Use artifacts to separate mechanism from symptoms.
Close with owner accountability and rollback criteria.
Common pitfalls
Using average IPC alone while ignoring tail behavior.
Comparing traces across mismatched binaries or thermal states.
Calling closure without workload-level validation.
CPU deep dive
Execution throughput depends on port balance, bypass quality, and realistic instruction mix assumptions.
Concept diagram
EXECUTION DATAPATH
issue -> ALU/FPU/vector/LSQ ports -> writeback -> retireMetric graph
EXECUTION LOSS DRIVERS
port conflicts █████
bypass hazards ████
LSQ ordering stalls ███Reports and artifacts
port pressure heatmap
pipeline hazard report
ALU/FPU/vector utilization split
LSQ ordering diagnostics
Mini case study
A compiler scheduling update over-concentrated uops on one port class, reducing effective multi-issue throughput.
Debug branches
Map instruction classes to port availability
Validate forwarding depth against dependency chains
Inspect LSQ ordering events before widening pipes
Senior review question
Ask: which CPI/latency evidence proves this topic is truly closed beyond synthetic benchmarks?
Key takeaways
Always connect microarchitectural counter changes to product workload outcomes.

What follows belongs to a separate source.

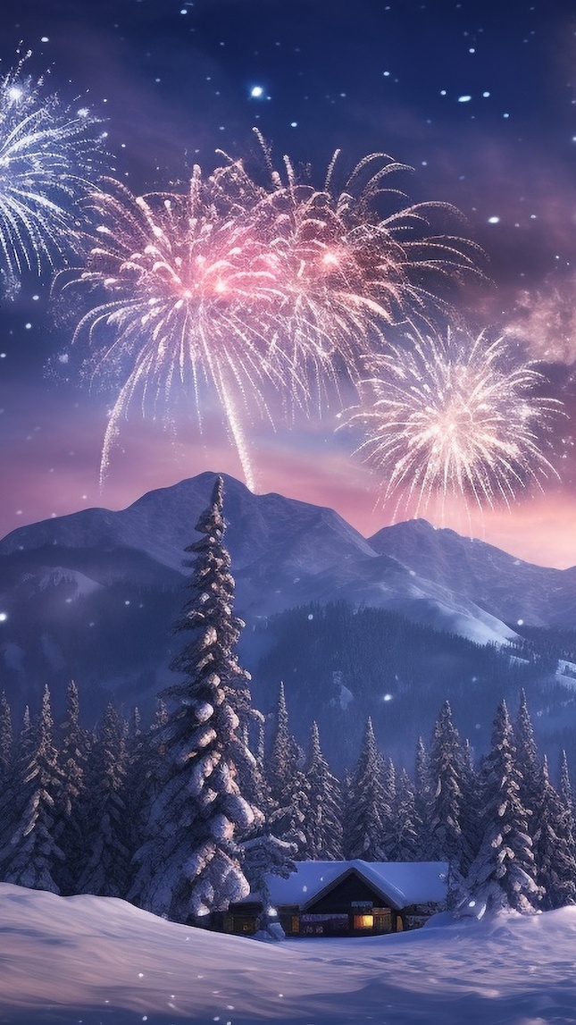 Edytor tapety: Fajerwerki nad górami i oświetlonym domem

Lock binary, compiler, firmware, and thermal metadata before comparing CPU traces.
Common pitfalls
Treating average IPC as sufficient proof while ignoring latency tails and outliers.
Applying predictor or prefetch tweaks without first-failing-stage attribution.
Declaring closure without reproducible perf, correctness, and power gates.